ABUTA (Abutta officinalis, Cissampelos pareira)
Also known as: abutua, aristoloche lobee, barbasco, bejuco de raton, butua, cheval, false pareira, feuille coeur, imchich masha, liane patte gasing-gasing, pareira
Abuta is a woody, climbing rainforest vine with leaves up to 30 cm long and produces inedible grape-sized berries that grows in the Amazon basin and other humid, tropical areas of the world.
Another tropical vine, Abuta grandiflora, also has the common name of abuta in South America, but this is a very different plant with different chemicals and uses in herbal medicine. This plant is referred to in Peru as chiric sanago as well as abuta which often causes confusion.
Abuta, Cissampelos pareira, is known as a ‘midwife’s herb’ in South America and is used to treat a variety of women’s complaints.
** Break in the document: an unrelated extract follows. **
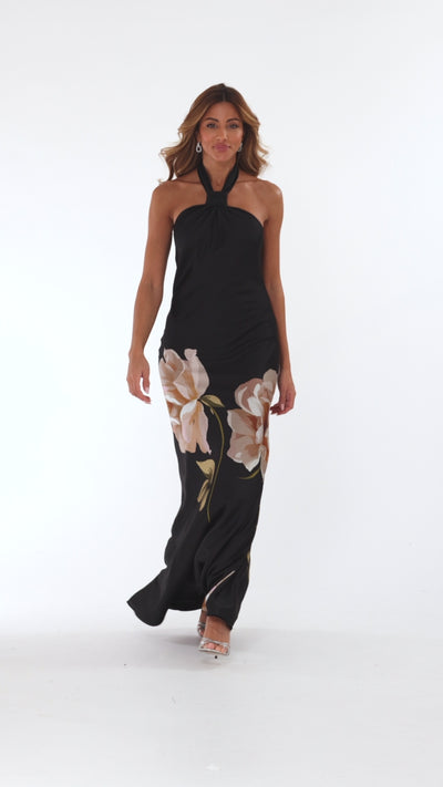An elegant halter gown featuring a softly draped neckline and sleek, floor-length silhouette. The bold floral print adds artistic flair against the dark backdrop, creating a refined yet statement-making look perfect for formal events, weddings, or evening occasions.

It also acts as an antiseptic to the bladder, is a cerebral tonic and works well as an aphrodisiac.
It can also be used as an expectorant (expels phlegm), emmenagogue (stimulates blood flow in the pelvic area and uterus) and antipyretic (reduces fever) and is a good diuretic.
It is also used to prevent abortion, relieve heavy menstrual bleeding and stop uterine haemorrhages (bleeding). Powdered abuta bark has also been used for menstrual complaints.
The decoction of the stems and roots of this Amazonian plant mixed with wild bee honey is used to treat sterile women. A root decoction is used for post-menstrual haemorrhages, the alcoholic maceration for rheumatism. A root decoction is also used as a cardio tonic, anti-anaemic and anti-malarial medicine.